Choosing Controls in Biologic Psychiatry

Chapter:
(p.247) 21 Choosing Controls in Biologic Psychiatry
Source:
Psychiatric Epidemiology
Author(s):

Ezra Susser (Contributor Webpage)

Sharon Schwartz

Alfredo Morabia

Evelyn J. Bromet

Publisher:
Oxford University Press
DOI:10.1093/acprof:oso/9780195101812.003.21

One of the most difficult and intellectually intriguing tasks of a biologic case-control study is the selection of the control group. An inappropriate control group can mask the presence of a true association or create the illusion of an association when one does not exist. Choosing a control group depends on thinking through the implications of many other features of the study: the types of cases being selected, the biologic process being examined, and most critically, the specific hypothesis being tested. No criteria can be advanced to define the perfect control group, because there is no control group that is appropriate for all or even most case-control studies.

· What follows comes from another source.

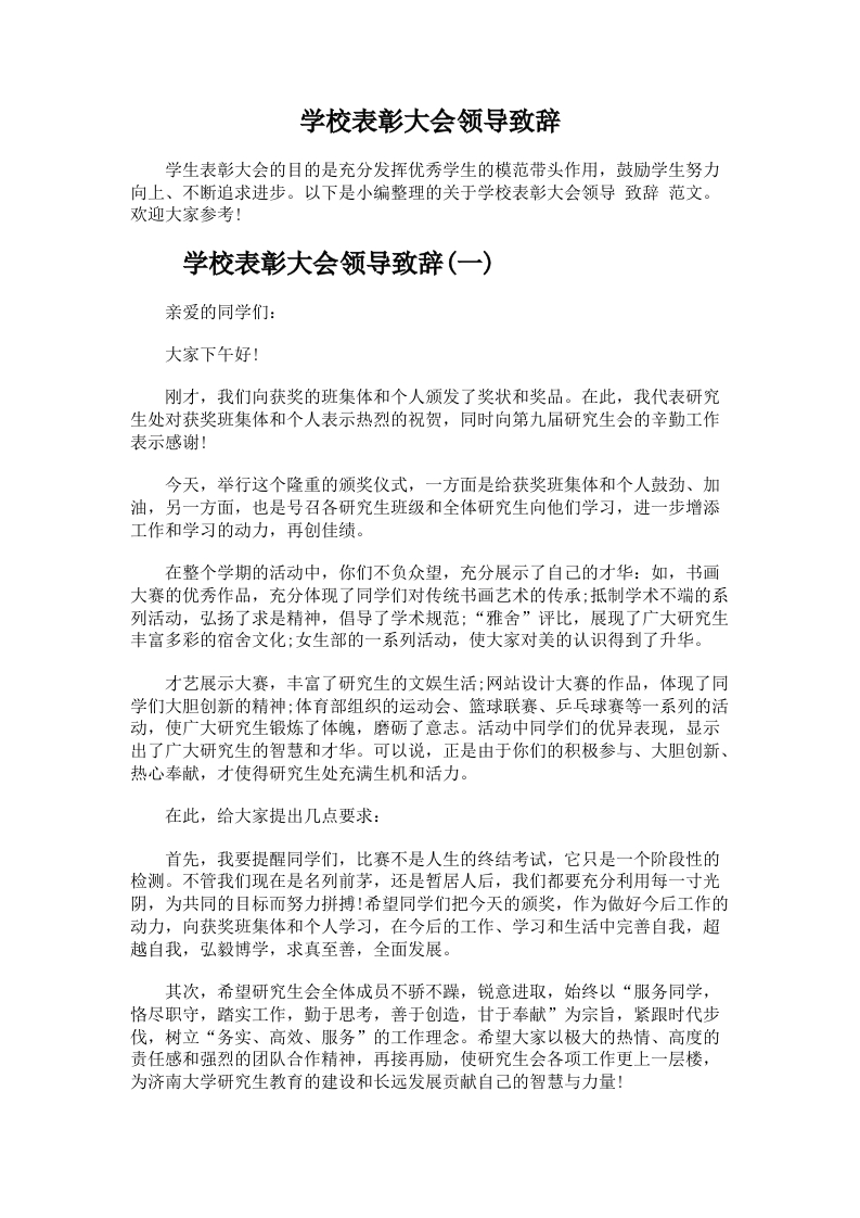 99.学校表彰大会领导致辞

Nonetheless, it is possible to approach the task systematically. The previous chapters derived a practical guideline for making the best choice of a control group in an ordinary case-control study. This chapter demonstrates how it can be applied to biologic studies of causes. It takes up a central question, applies the guideline, and arrives at an answer that has important implications for biologic research.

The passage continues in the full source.